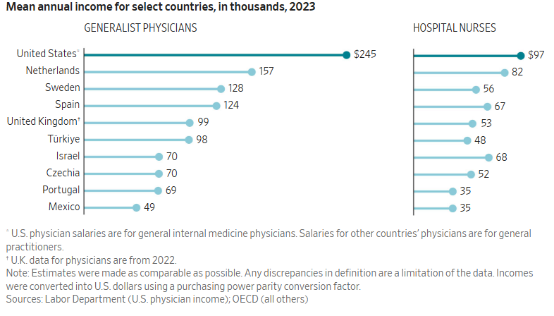 American doctors and nurses generally make more than their counterparts in other countries, another factor that can drive up the cost of care.
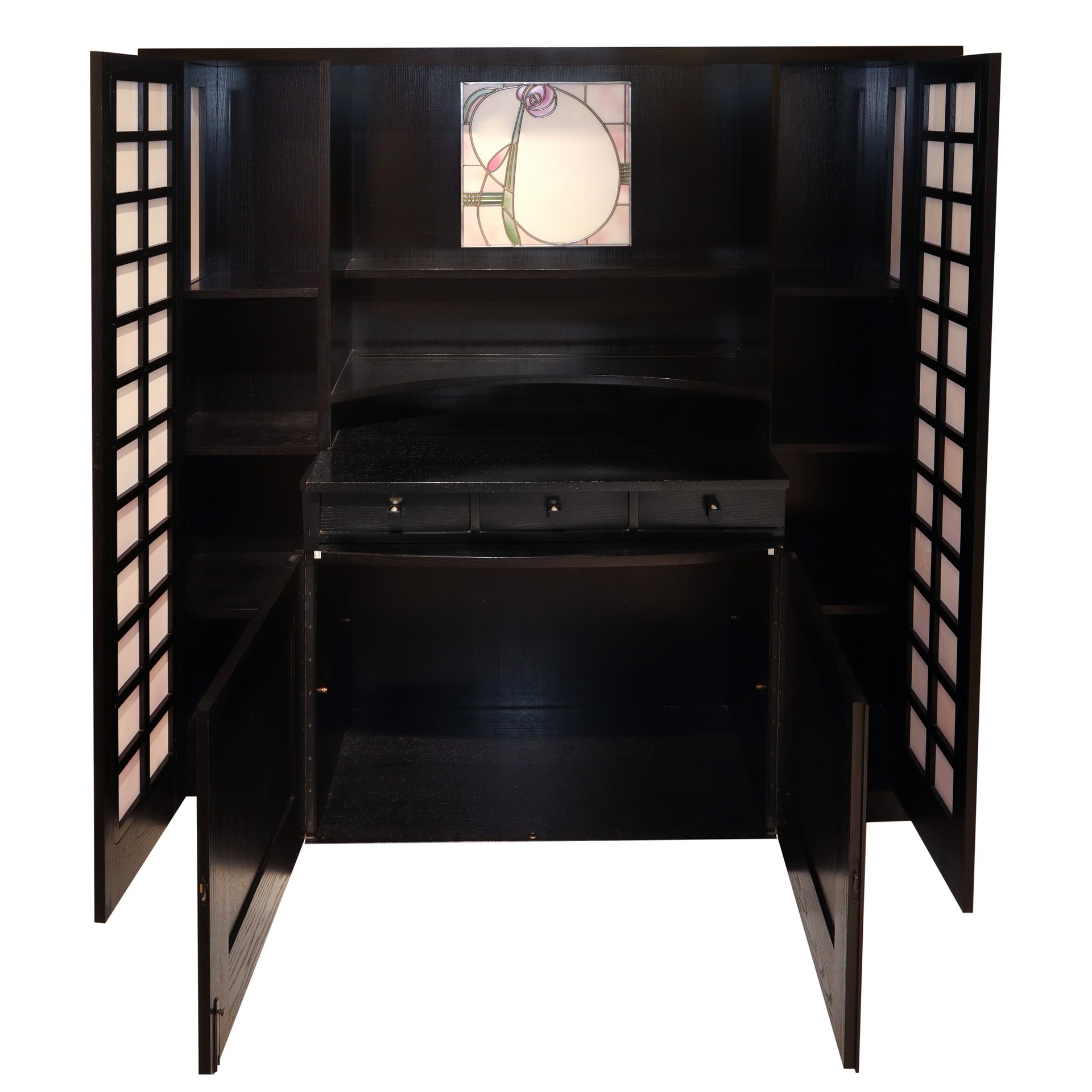 Charles Rennie Mackintosh per Cassina (Glasgow 1868 - Londra 1928) - Credenza in frassino nero con vetro piombato con decoro floreale centrale, 1975 h cm 160X170X55
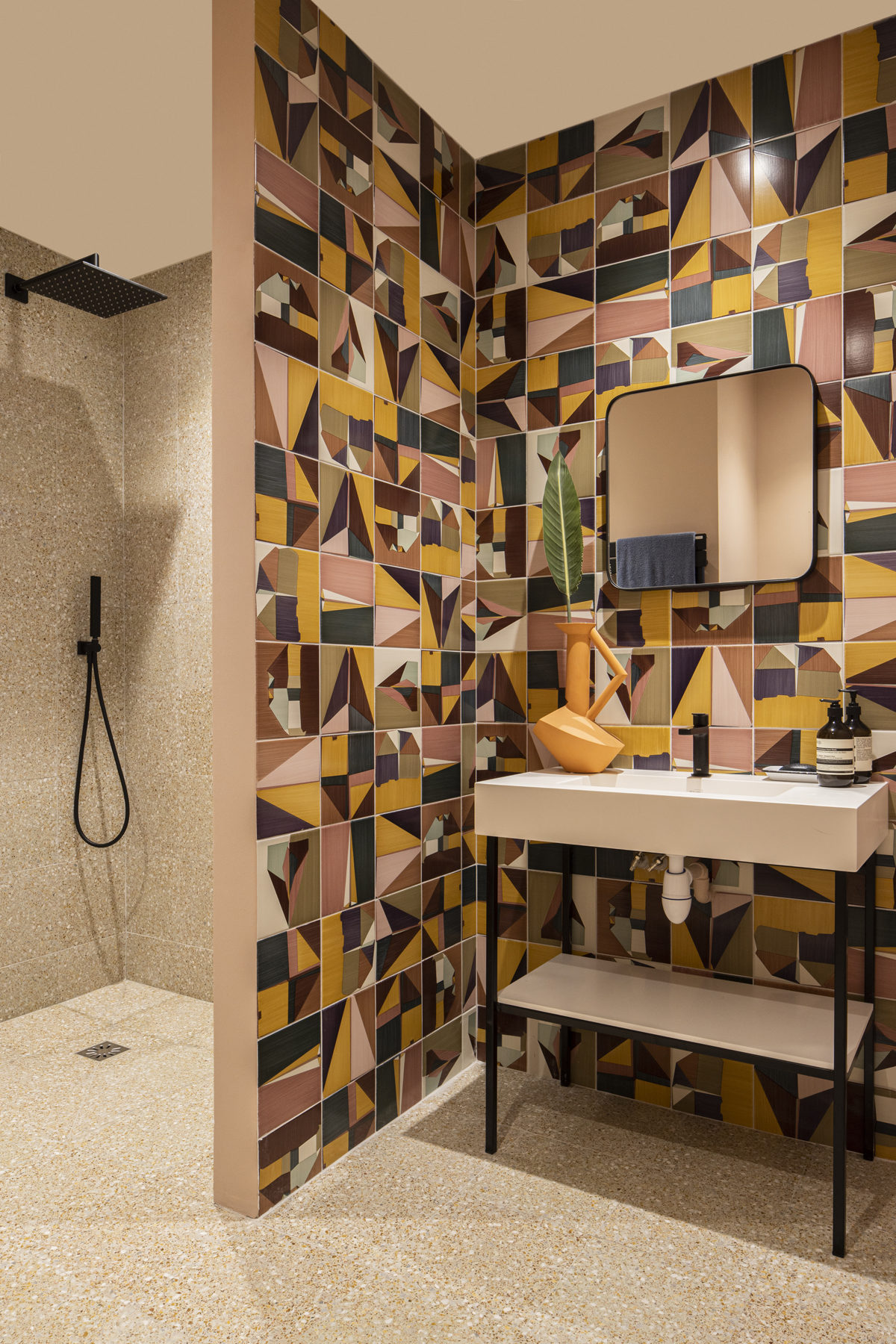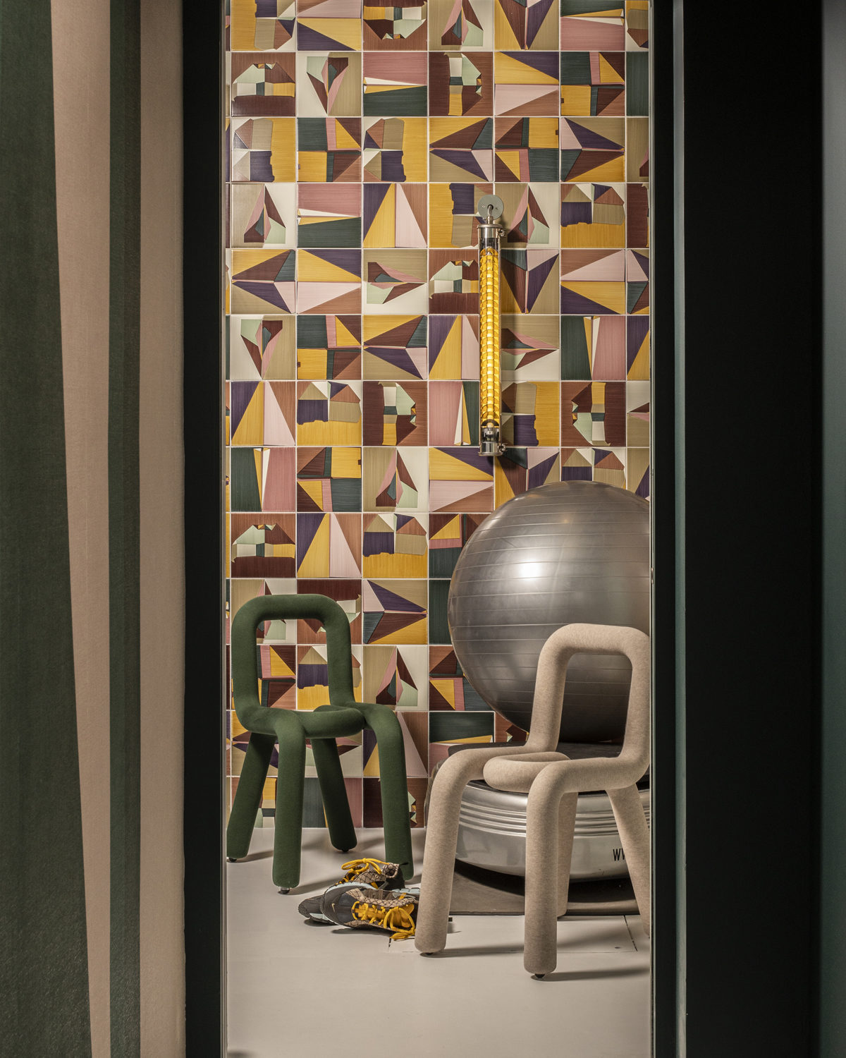 Chaque niveau allait nous donner le tempo à suivre. Le rez de chaussée, presque sans lumière naturelle devait balancer tout de suite la note et donner le ton de la maison. On décide bâtir un scénario s’appuyant sur les géométries déjà existantes et on repart avec en trompe l’oeil le panoramique de Texturae, des couleurs fortes et pop verts et roses cohabitent à une scène joyeuse, design et forte.

*****

Leaving out all pictures, repeat word for word the lines from the one containing "Charles Rennie Mackintosh" through the final line of the material above.

* TASK RESULT:
 Charles Rennie Mackintosh per Cassina (Glasgow 1868 - Londra 1928) - Credenza in frassino nero con vetro piombato con decoro floreale centrale, 1975 h cm 160X170X55
 Chaque niveau allait nous donner le tempo à suivre. Le rez de chaussée, presque sans lumière naturelle devait balancer tout de suite la note et donner le ton de la maison. On décide bâtir un scénario s’appuyant sur les géométries déjà existantes et on repart avec en trompe l’oeil le panoramique de Texturae, des couleurs fortes et pop verts et roses cohabitent à une scène joyeuse, design et forte.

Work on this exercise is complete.